Дежурный, видимо, был предупрежден заранее, посторонился, сказал предупредительно:
– Третий этаж, кабинет триста двенадцатый…
– Я знаю… – обронил Павел и прошел к лестнице.
В городском управлении он никогда не бывал, а потому с любопытством осматривался по сторонам; коридоры чистые, застелены линолеумом, со строгим геометрическим узором, стены забраны деревянными лакированными панелями, лестница чистейшая, хоть на каждой ступеньке посиделки устраивай в белых брюках.
Без стука, открыв дверь, Павел воскликнул:
– Вот, значит, как живут милицейские майоры в наше время!
– Паша, это ж городское управление, – укоризненно протянул Димыч. – Ладно, не будем терять время. Ты и так припозднился… Вот бумага, авторучка, я думаю, у тебя есть.
– Есть, конечно, но не надолго. Получу следующий гонорар, куплю компьютер, и буду, как белый человек работать, а не как Лев Толстой…
– Пиши! Толстый Лев…
Димыч принялся размеренно диктовать. Вскоре Павла начал разбирать смех. Кое-как выводя жуткие канцелярские обороты, он выговорил, похохатывая:
– Наверное, так же писали письмо турецкому султану запорожские казаки…

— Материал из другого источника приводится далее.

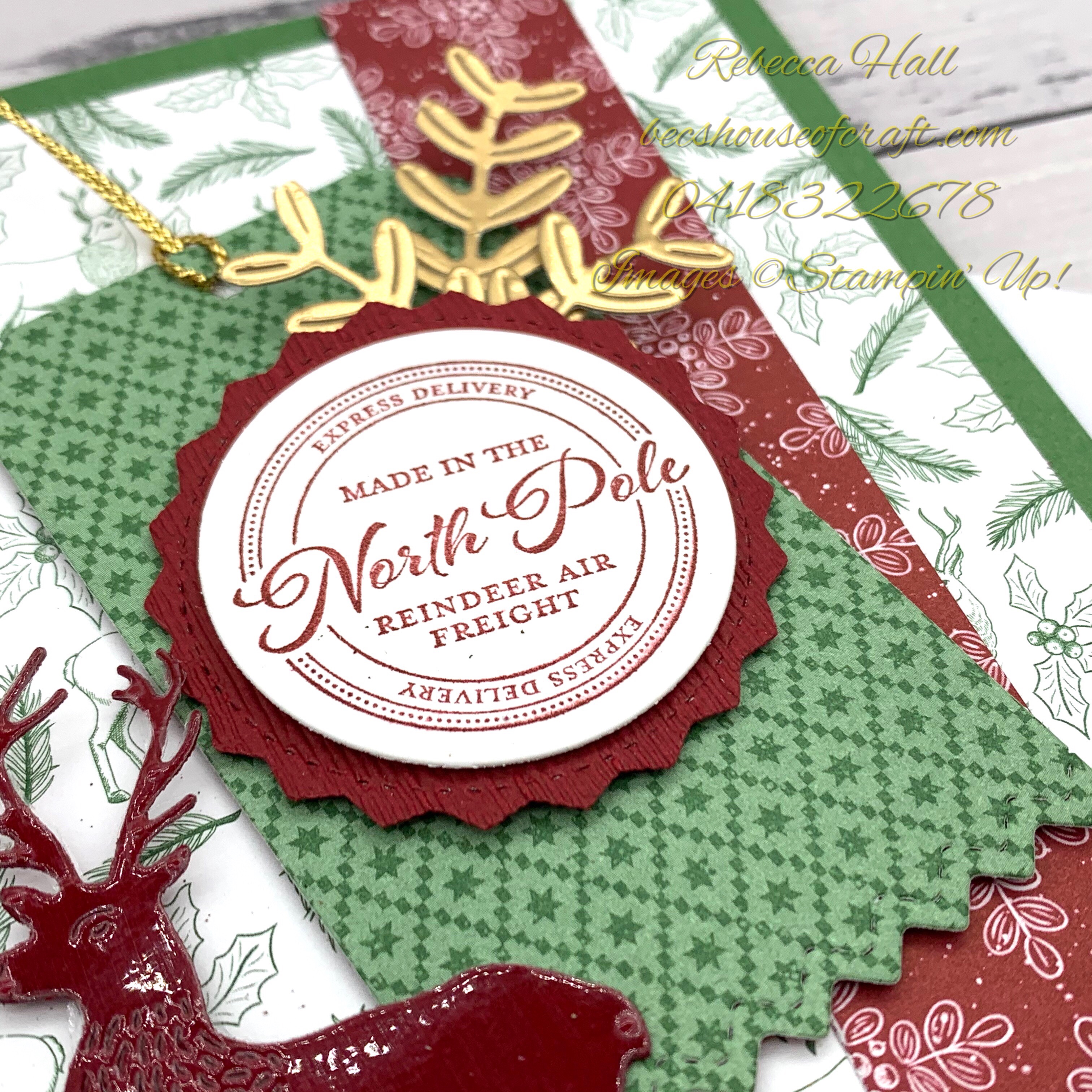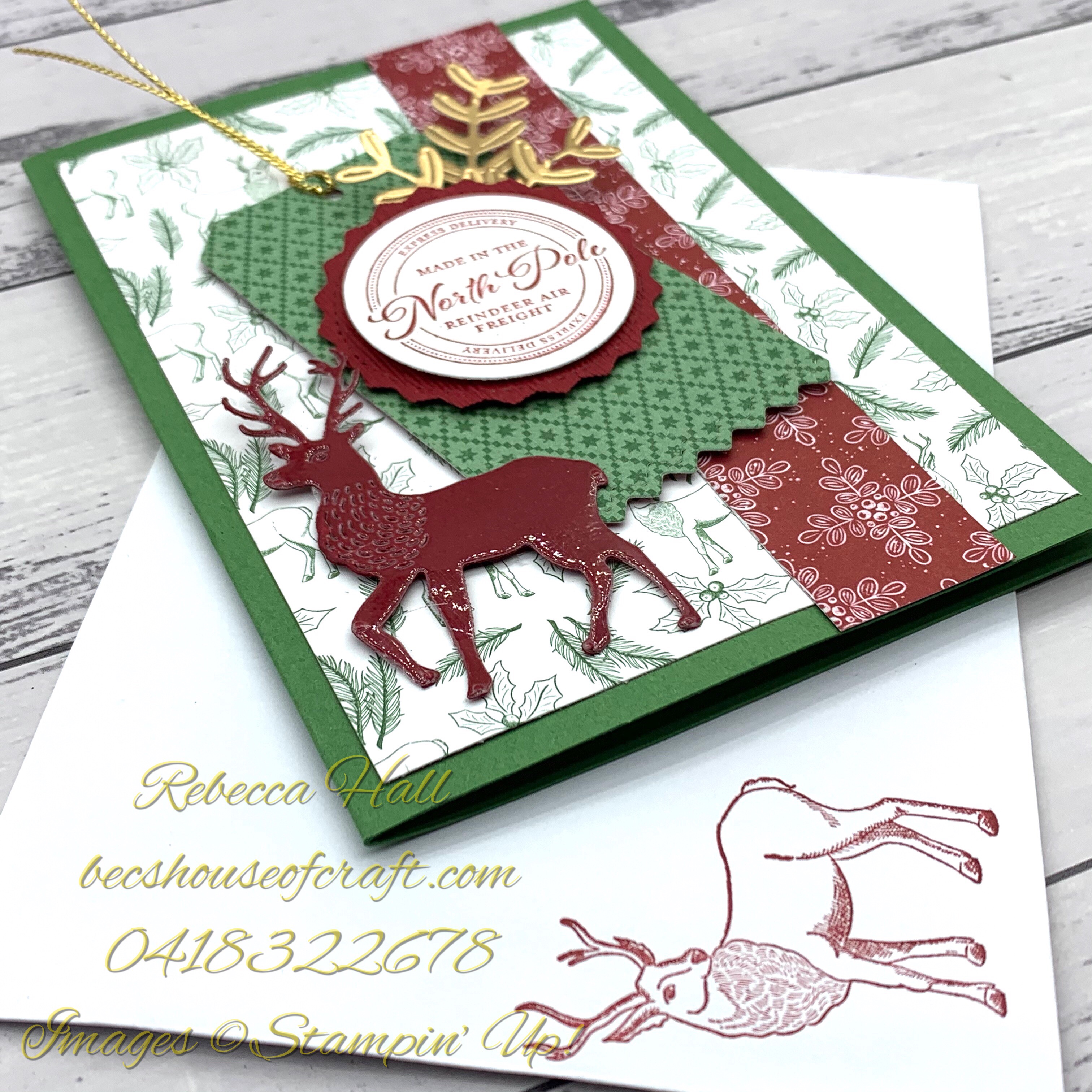 I started by using the paper with the reindeers and holly from the Tis’ The Season Designer Series Paper on a Garden Green card base.

Димыч, сохраняя полнейшую серьезность, додиктовал текст, после чего приколол листок скрепкой к целой пачке каких-то других бумаг и вышел из кабинета. Отсутствовал он целый час, Павел успел разложить тетрадь и написал парочку страниц своего романа. Пару раз заглядывали какие-то подполковники, один из них поинтересовался:
– Чистосердечное пишешь?..
– Ага… – безмятежно откликнулся Павел.
– А чего ж в тетради?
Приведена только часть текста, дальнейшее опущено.